Resource TypeDescriptionExampleImpact After InterceptionRecommendation
imageImage resourcesJPG/PNG/GIF/WebP imagesImages will not be displayed⭐ Safe
fontFont filesTTF/WOFF/WOFF2 fontsSystem default fonts will be used instead⭐ Safe
mediaMedia filesVideo/audio filesMedia content cannot be played⭐ Safe
manifestWeb App ManifestPWA configuration filePWA functionality may be affected⭐ Safe
prefetchPrefetch resources<link rel="prefetch">Minimal impact on the page⭐ Safe
stylesheetCSS StylesheetExternal CSS filesPage styles are lost, may affect layout⚠️ Caution
websocketWebSocketReal-time communication connectionReal-time functionality disabled⚠️ Caution
eventsourceServer-Sent EventsServer push dataPush functionality disabled⚠️ Caution
preflightCORS preflight requestOPTIONS requestCross-origin requests fail⚠️ Caution
scriptJavaScript scriptsExternal JS filesDynamic functionality disabled, SPA may not render❌ Avoid
xhrXHR requestsAJAX data requestsUnable to obtain dynamic data❌ Avoid
fetchFetch requestsModern AJAX requestsUnable to obtain dynamic data❌ Avoid
documentMain documentHTML page itselfPage cannot load❌ Avoid

Recommendation Level Explanation:

  • Safe: Interception has almost no impact on data scraping or first-screen rendering; it is recommended to block by default.
  • ⚠️ Caution: May break styles, real-time functions, or cross-origin requests; requires business judgment.
  • Avoid: High probability of causing SPA/dynamic sites to fail to render or obtain data normally, unless you are absolutely sure you don’t need these resources.

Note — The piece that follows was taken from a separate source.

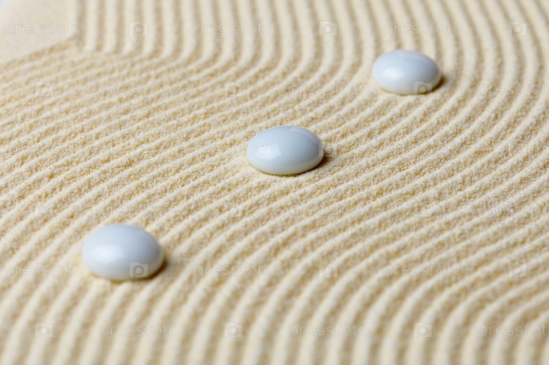 Художественная композиция из белых камней на поверхности желтого песка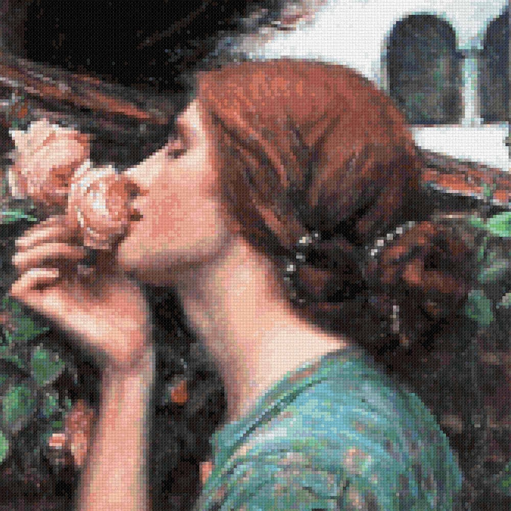A woman in a turquoise silk kimono rapturously smelling a pink rose climbing on a villa wall.  Her auburn hair is dressed with a string of pearls. [Also known as “The Soul of the Rose”.]  This is a detail of the full painting; see WAT011 for a pattern of the complete painting.  (Pre-Raphaelite, 1903) This pattern is solidly stitched. Any color fabric may be used.

Resource Interception Example Code

import puppeteer from 'puppeteer-core';
 
const scrapelessUrl = 'wss://browser.scrapeless.com/browser?token=your_api_key&session_ttl=180&proxy_country=ANY';
 
async function scrapeWithResourceBlocking(url) {
    const browser = await puppeteer.connect({
        browserWSEndpoint: scrapelessUrl,
        defaultViewport: null
    });
    const page = await browser.newPage();
 
    // Enable request interception
    await page.setRequestInterception(true);
 
    // Define resource types to block
    const BLOCKED_TYPES = new Set([
        'image',
        'font',
        'media',
        'stylesheet',
    ]);
 
    // Intercept requests
    page.on('request', (request) => {
        if (BLOCKED_TYPES.has(request.resourceType())) {
            request.abort();
            console.log(`Blocked: ${request.resourceType()} - ${request.url().substring(0, 50)}...`);
        } else {
            request.continue();
        }
    });
 
    await page.goto(url, {waitUntil: 'domcontentloaded'});
 
    // Extract data
    const data = await page.evaluate(() => {
        return {
            title: document.title,
            content: document.body.innerText.substring(0, 1000)
        };
    });
 
    await browser.close();
    return data;
}
 
// Usage
scrapeWithResourceBlocking('https://www.scrapeless.com')
    .then(data => console.log('Scraping result:', data))
    .catch(error => console.error('Scraping failed:', error));

Optimization Scheme 2: Request URL Interception

In addition to intercepting by resource type, more granular interception control can be performed based on URL characteristics. This is particularly effective for blocking ads, analytics scripts, and other unnecessary third-party requests.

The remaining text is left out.